Owners of an investment property have been popularly characterised as retirees, the filthy rich or the overseas mogul. However, Australian property market trends have revealed a new player in the acquisition of investment realty – the techno-savvy, multi-taskers of Gen Y.

What we shall explore are some of the reasons why young people are choosing to invest in property and some of the market trends they are establishing. Also, to help those interested in investing in real estate, five very important investment tips shall be discussed.

Why Young Australians Choose to Invest in Property

In the past, young people were seen to be more concerned with saving money for overseas trips, buying a new car and moving out of home into a shared rental facility. Young people today, however, are choosing to stay at home longer (where they rarely have to pay rent) and pour a large portion of their wages into an investment property.

Young people (in remaining at home) are seeing this arrangement as a viable way to simultaneously save money and reap the rewards of rental income and capital growth on their investment property. Already parents around the country are crying to bring back that feeling of an empty nest!

According to many property analysts, the high rental returns and the affordability of houses in certain market hot spots has meant that real estate has become a profitable way to financially grow one’s wealth. Furthermore, many other forms of investment, like shares and bank term deposits, have performed worse since the Global Financial Crisis. The young, therefore, are cashing in on this current property market climate.

Worrying Trends for Young Investors

There are some worrying trends emerging in the property market, concerning young investors and the way they are managing their investment properties. Every year 25% of investors sell their investment properties within a year of buying it and this figure mainly consists of those in the Gen Y age bracket. It seems young people are selling their investment properties prematurely and missing out on a lot of potential capital growth and profits.

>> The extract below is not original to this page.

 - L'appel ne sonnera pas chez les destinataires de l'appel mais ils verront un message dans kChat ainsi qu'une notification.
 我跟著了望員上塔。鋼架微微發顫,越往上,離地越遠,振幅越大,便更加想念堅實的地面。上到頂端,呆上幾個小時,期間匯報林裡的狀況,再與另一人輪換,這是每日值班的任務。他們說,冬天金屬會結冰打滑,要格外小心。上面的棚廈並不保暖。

The reasons for young people not staying in the property market long enough can be anything from overstretching themselves financially to just sheer inexperience. This is why it’s important for young investors to get in touch with the right professionals who can provide them with legitimate property investment advice.

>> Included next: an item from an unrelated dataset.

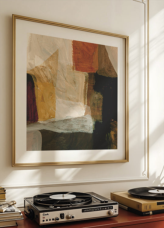 «Cinder» av Dan Hobday er en moderne, abstrakt komposisjon i dempede jordtoner av brun, beige og rustrød. Myke, malte penselstrøk og grafiske former flyter lagvis som røyk og glør, og skaper en rolig, sofistikert stemning. Perfekt som et minimalistisk blikkfang som gir varme og dybde til rommet – både hjemme og på kontoret.
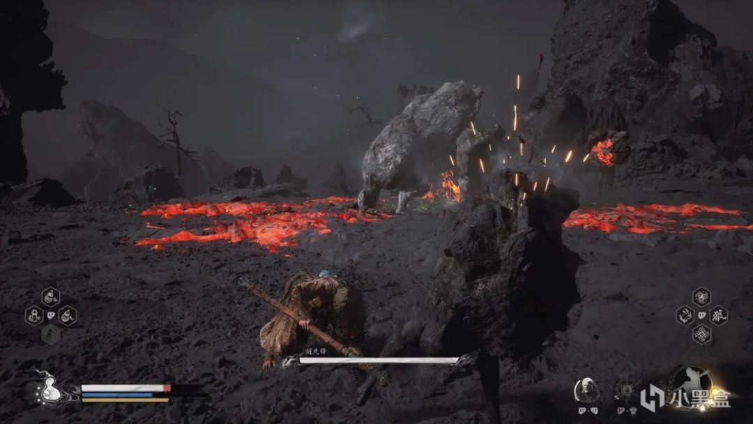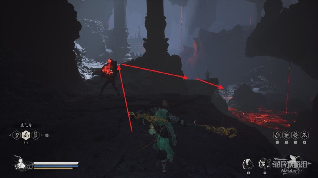 体验及解析:燧先锋的位置比较特别,在会滚动的大球过去的路上,右边有一面火墙,然后要上去前面触发芭蕉扇扇灭火的动画以后,这条路才会开放,位置路线也提供给大家。燧先锋和石先锋很相似,感觉就是变异版本。燧先锋会三连下砸,但是不会石先锋一样下崽,打起来比较简单。用聚形散气+重棍蓄力打,并且不要忘了自己的辟火罩。 路线位置: 火扇灭才能过去 一堆碎石头就是燧先锋

5 Tips for Young Investors

To help educate young investors, here are five important tips when thinking of getting involved in an investment property:

1. Seek expert advice from a range of professionals on property investment. Also, it never hurts to do your own research as this may help ensure that you are getting the right advice and not falling for a sales spin.

2. Develop an investment strategy or plan before you invest in a property. This will make managing your property easier and will give you a greater understanding of what you can afford (which leads to the next point).

3. Make sure you can afford it. Don’t overstretch yourself too much financially as you may need to initially support your investment property with your own cash.

4. Make sure your job is secure. As with the previous point, you need to have a steady cash flow to ensure you can support any short term losses on your investment property.

5. Try to stay in for the long haul. If you sell too early, you could be undercutting your potential profits.